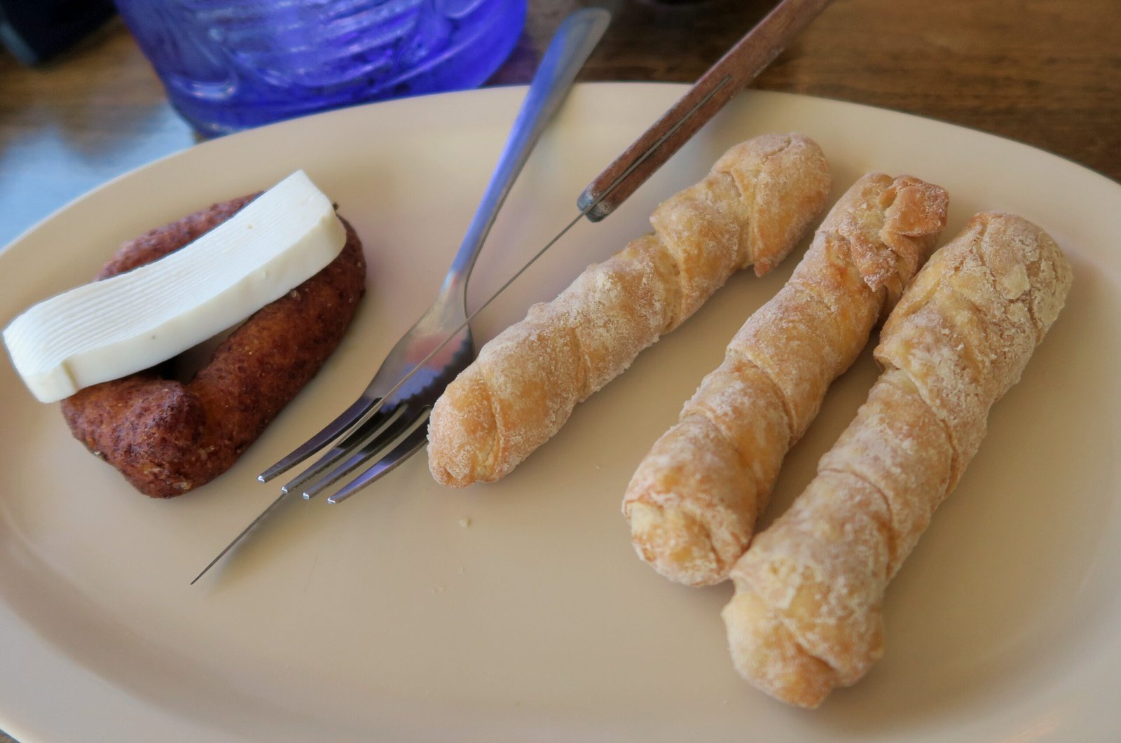 Next up the Mandoca con Queso, a sweet cornmeal cake with cheese and Tequenos, think of a white cheese, soft and a tad saltier than mozzarella, wrapped with pastry……oh man, did I love the salty-yeasty-mild sweetness.
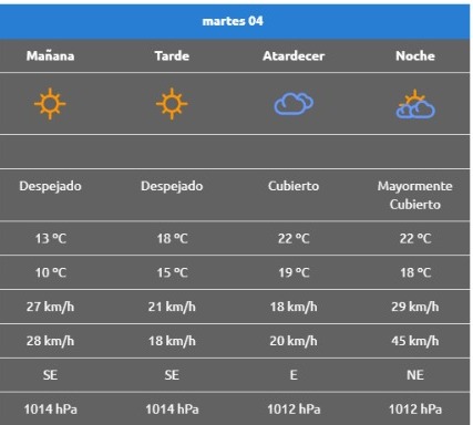 Por otra parte, el cielo pasará de parcialmente nublado a despejado y el viento, como en Neuquén, también dirá presenta a la noche: podría anotar velocidades superiores a los 42 km/h.
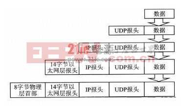 處理器首先將從麥克風采樣的數(shù)據(jù)信號封裝成規(guī)定格式(其封裝步驟如圖6所示,封裝到14字節(jié)以太網(wǎng)層),然后把封裝好的數(shù)據(jù)交給DM 9000CEP驅動部分的發(fā)送函數(shù)dm_tran_packet(unsigned char*datas,intlength),通過設置TCR的發(fā)送請求位將數(shù)據(jù)發(fā)送出去,數(shù)據(jù)發(fā)送過程就是對數(shù)據(jù)打包的過程。而數(shù)據(jù)的接收是通過DM9000CEP的網(wǎng)絡中斷函數(shù)DM9000ISR()進行的,網(wǎng)卡每接到一個數(shù)據(jù)包將會產(chǎn)生一個中斷,進入中斷處理函數(shù),按規(guī)定的格式從數(shù)據(jù)包中取出其語音數(shù)據(jù),之后數(shù)據(jù)經(jīng)處理器處理送到揚聲器上播放外音。網(wǎng)絡各層數(shù)據(jù)封裝如圖6所示。
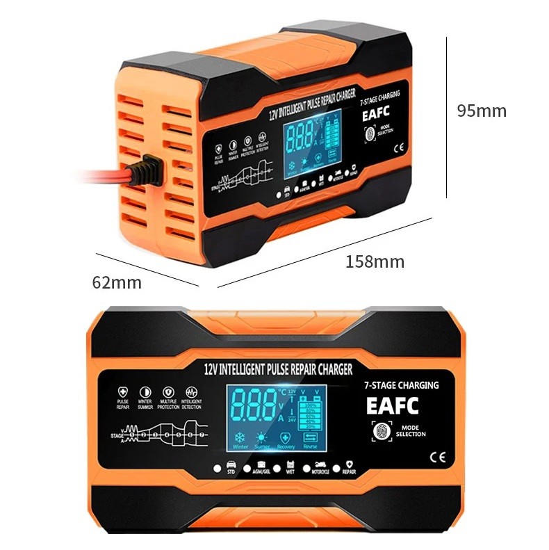 Intelligentes Ladegerät 12 V 12 A mit LCD-Display, Pulsmodus und Sommer-/Wintereinstellung. Für PKW und Motorräder. EU-Stecker. Vollständige Beschreibung
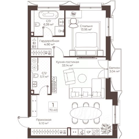 КВАРТИРА: большая светлая комната 19,7 кв.м., установлен кондиционер, кухня 7,8 кв.м., с выходом на просторную лоджию, есть гардеробная. Стена между комнатой и кухней не несущая, газа в доме нет, поэтому можно сделать перепланировку.
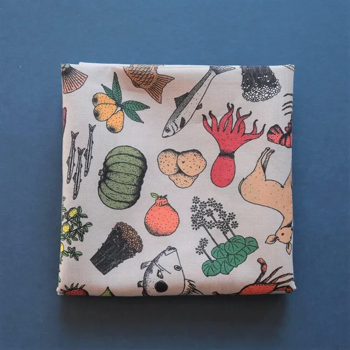 イワシビルや阿久根にちなんだ日本製のハンカチ。 鹿児島県阿久根市の特産品たちのデザイン。色んなものがありすぎます。 阿久根は食が豊かだからか、有名なシェフも多く輩出している町です。
########
§ **Brief**: Make an exact copy of the lines from the one holding "КВАРТИРА: большая светлая" through the end of the material, both ends included, and keep the pictures out of it.

§ **Exercise output**:
 КВАРТИРА: большая светлая комната 19,7 кв.м., установлен кондиционер, кухня 7,8 кв.м., с выходом на просторную лоджию, есть гардеробная. Стена между комнатой и кухней не несущая, газа в доме нет, поэтому можно сделать перепланировку.
 イワシビルや阿久根にちなんだ日本製のハンカチ。 鹿児島県阿久根市の特産品たちのデザイン。色んなものがありすぎます。 阿久根は食が豊かだからか、有名なシェフも多く輩出している町です。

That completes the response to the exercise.